5. Conclusions and Perspectives

Although early stage cervical cancers have a good prognosis with a 5-year survival rate greater than 80%, clinical and epidemiological evidence suggests that the natural history of HPV in young women (aged <30 years) may be such that establishment of a high-grade CIN lesion occurs early in the course (within 2 years) of a high-risk HPV infection. The consequences of HPV infection will depend on the infecting HPV type and site of infection, as well as on host factors that regulate viral persistence, regression, and latency. HPV testing and identification of high-risk strains and multiple infections has potential applications in the screening, treatment, and followup of cervical intraepithelial lesion. The identification and subsequent functional evaluation of host proteins associated with HPV E6 and E7 oncoproteins is the major challenge for their utilization as molecular biomarkers and may provide useful information in understanding cervical carcinogenesis for development of specific targeting strategies against tumor cells. Many experimental HPV vaccine strategies are being developed and tested in preclinical and clinical trials, in combination with immunotherapy and chemotherapy approaches to control of HPV-associated cervical lesions and invasive cancers. The principal factor for the prevention and treatment of cervical cancer is the education of the society, which requires different strategies in developing and industrialized countries [81-84]. The costs of different screening, treatment, and followup strategies, as well as the economy and public health policies of the regions of their potential application, are relevant in providing effective and accessible care to the patient, while meeting family and government budgets. Consider that the total health care cost associated with the screening and treatment of cervical cancer in the US is estimated to be $6 billion dollars per year [85], which does not account for additional costs to the patient, the patient's family, and society (economic and social).

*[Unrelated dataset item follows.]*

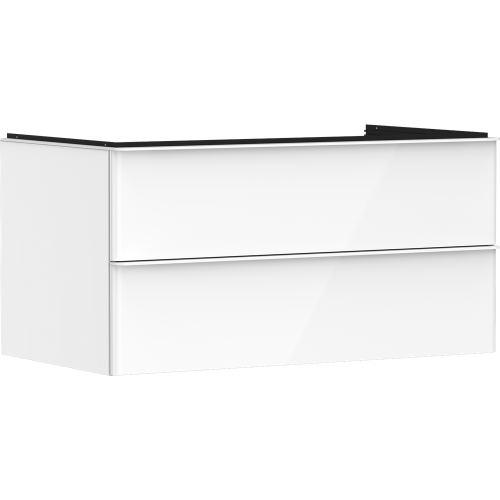 Xelu Q Kommod vit högglans 980/550 2 lådor för bänkskiva utskärning center Mattvit

In conclusion, educational strategies and organized screening programs to detect HPV must be implemented alongside research and development of new therapeutic vaccines infection in order to reduce rates of HPV infection and cervical cancer. New gene therapy and siRNA-based approaches could represent a major step in reducing morbidity and mortality, but more work is required to achieve clinical efficacy at a level that can challenge current therapy.